Available data
━━━━

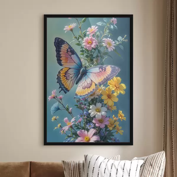 Poster Una mariposa grande y colorida posada en un ramo de flores rosas y amarillas sobre un fondo verde oscuro. f40411
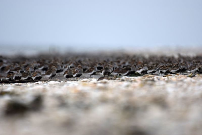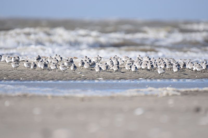 - Eine Meute Sanderlinge (Calidris alba)
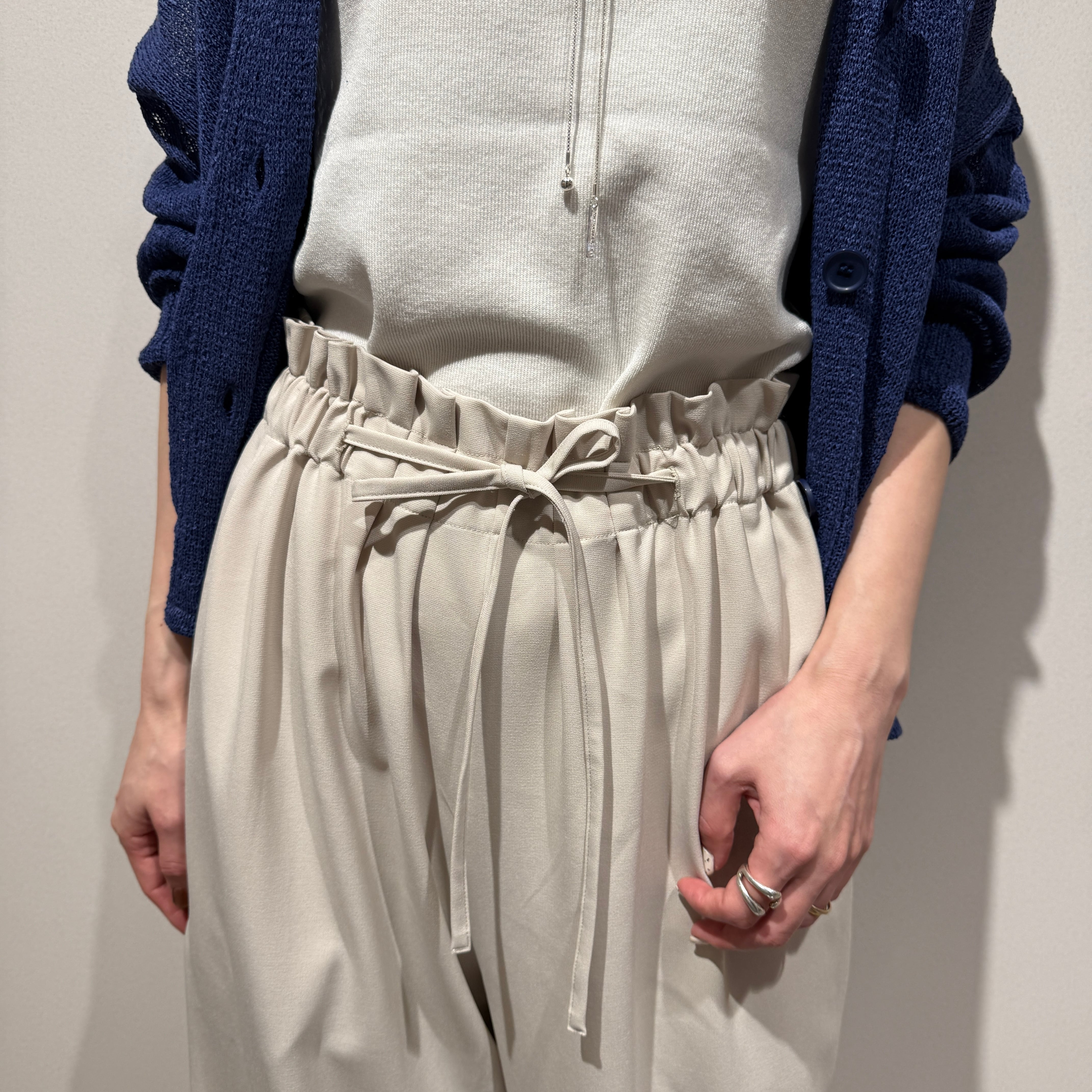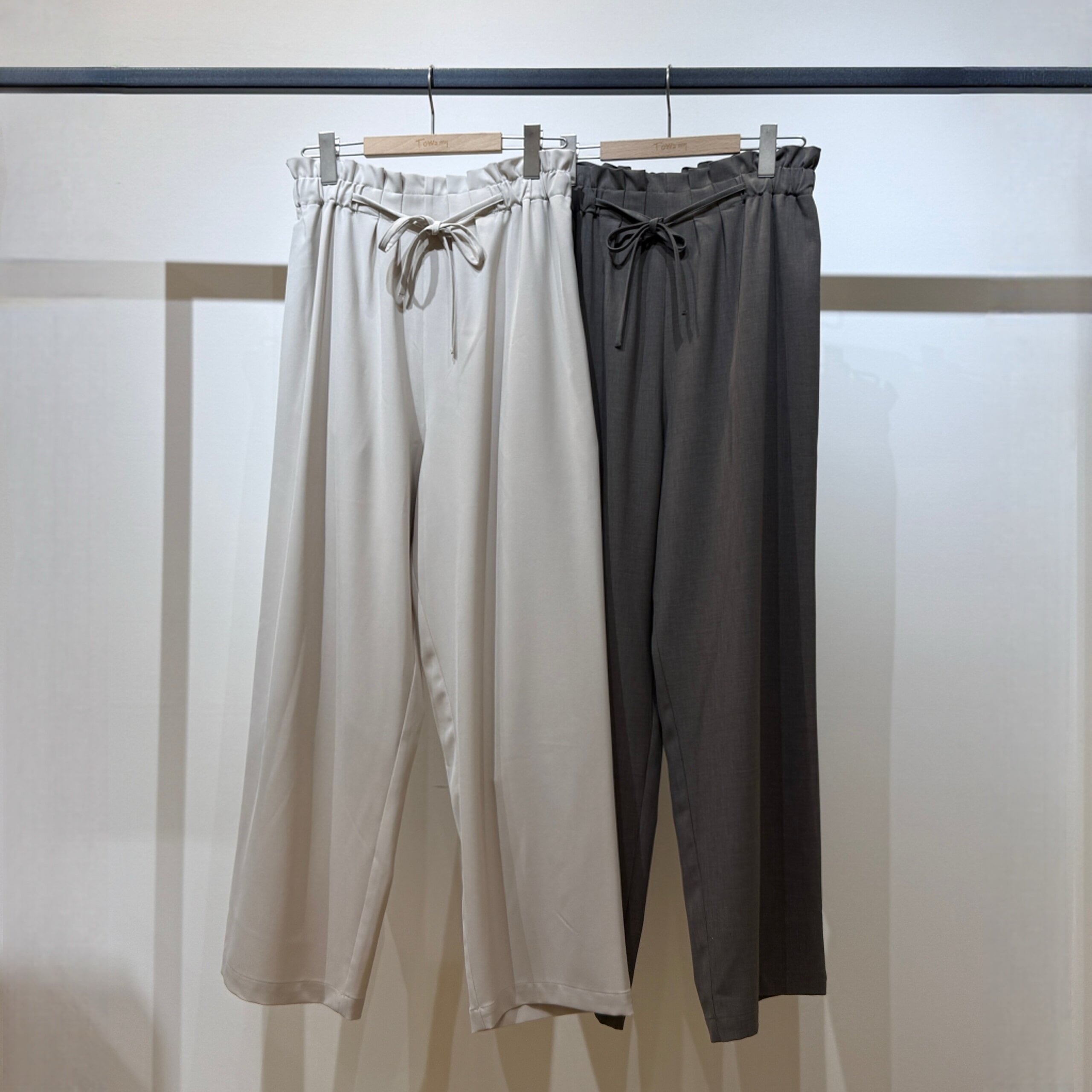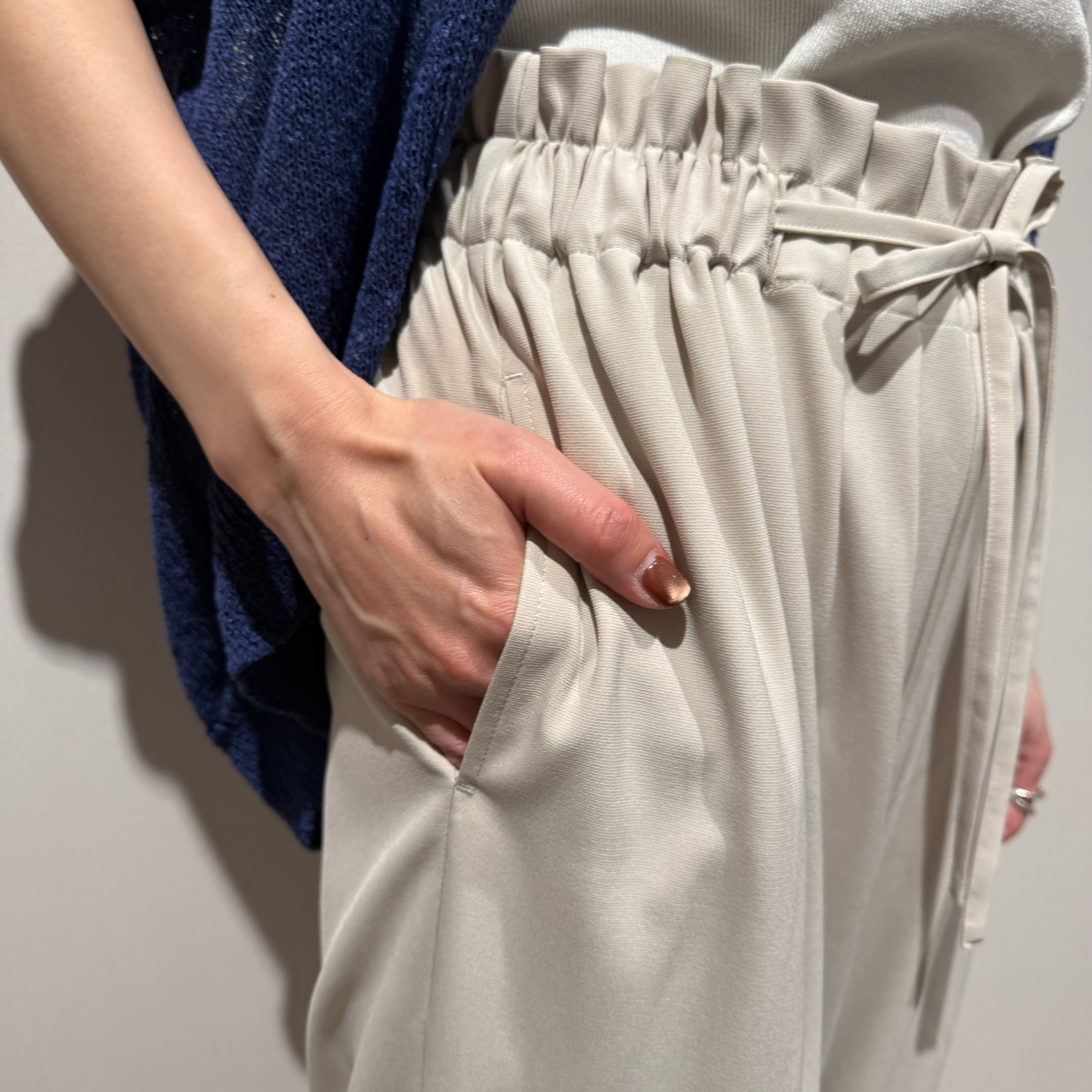 ぴったりしすぎずゆるすぎないテーパードシルエットに、フロントの共紐とギャザーがすっきり見えを叶えます。

━━━━

What is being asked
Emit an exact copy of the lines from the line bearing "- Eine Meute Sanderlinge (Calidris alba)" through the last line above, inclusive, and leave the images out.

Output for this task
 - Eine Meute Sanderlinge (Calidris alba)
 ぴったりしすぎずゆるすぎないテーパードシルエットに、フロントの共紐とギャザーがすっきり見えを叶えます。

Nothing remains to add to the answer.